Standard corrections to GFE for uni and bi molecular rxns

[Einstein Mcfly]

Hello everyone. I have a weird question regarding the calculation of free energy changes in a multi-step mechanism. Now, if you have a bunch of calculated free energies in gas phase at 1 atm (say, from an electronic structure program) and you want to model in solvent, you need to get them in a 1M standard state and this requires adding an additional term RT*ln(RT). Now, if every step in your mechanism is either unimolecular or bimolecular, there will be no change in the concentration of anything as the total number of moles of things will all stay constant and these corrections will all cancel when you calculate the delta Gs. However, if you have some mixing of them, such as
1) AB--> A +B
2) B+C->D
etc.
then in the first case you've added a mole and in the second case you've removed a mole. Therefore, when I calculate the delta G for these steps, the sign of RT*ln(RT) should be positive in the first case and negative in the second case, correct? You won't get cancellation when you calculate the delta Gs and these corrections will tweek things by three or so kcal/mol.
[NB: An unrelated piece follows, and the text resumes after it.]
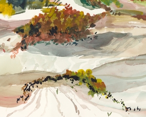 Detail abstract of 30"x22" watercolor of Padre Island dunes.

Am I on the right track here or am I missing something?

Thanks for any help you can give.

 

[Dr Uma Sharma]

How can you predict the sign of delta G only by counting moles on the reactant side and product side?

 

[Einstein Mcfly]

Sorry, I'm not talking about getting the sign of delta G, I'm talking only about the correction in going from 1 atm to 1M. In that case delta G is the difference between the Gs at STP plus the difference between the correction terms for each G. Clearly the effect of the correction term will be zero if one mole goes to one mole or two moles go to two moles, but what about one mole going to two (as in A-->B+C) or two going to one (C+D-->F)?

I just want to make sure that I'm correct about when the correction term will figure in (that is, not cancel out).